=== Begin Enclosure ===
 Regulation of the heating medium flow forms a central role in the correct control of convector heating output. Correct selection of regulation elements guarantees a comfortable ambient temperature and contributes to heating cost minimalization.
=== End Enclosure ===
=== Begin Enclosure ===
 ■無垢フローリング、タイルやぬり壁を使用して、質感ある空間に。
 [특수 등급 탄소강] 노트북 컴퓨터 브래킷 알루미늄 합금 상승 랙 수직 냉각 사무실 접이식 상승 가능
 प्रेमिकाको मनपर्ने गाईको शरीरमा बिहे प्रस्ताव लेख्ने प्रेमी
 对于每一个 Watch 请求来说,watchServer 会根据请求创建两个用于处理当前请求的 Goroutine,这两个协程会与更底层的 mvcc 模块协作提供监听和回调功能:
=== End Enclosure ===
=== Begin Enclosure ===
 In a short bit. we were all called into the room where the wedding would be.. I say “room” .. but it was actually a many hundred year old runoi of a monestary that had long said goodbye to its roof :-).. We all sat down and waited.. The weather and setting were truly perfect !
=== End Enclosure ===
What you have to do - Above are the records. Copy the lines beginning at the one that has "प्रेमिकाको मनपर्ने गाईको" and ending with the one that has "对于每一个 Watch 请求来说,watchServer", unchanged.

Output for this task -
 प्रेमिकाको मनपर्ने गाईको शरीरमा बिहे प्रस्ताव लेख्ने प्रेमी
 对于每一个 Watch 请求来说,watchServer 会根据请求创建两个用于处理当前请求的 Goroutine,这两个协程会与更底层的 mvcc 模块协作提供监听和回调功能:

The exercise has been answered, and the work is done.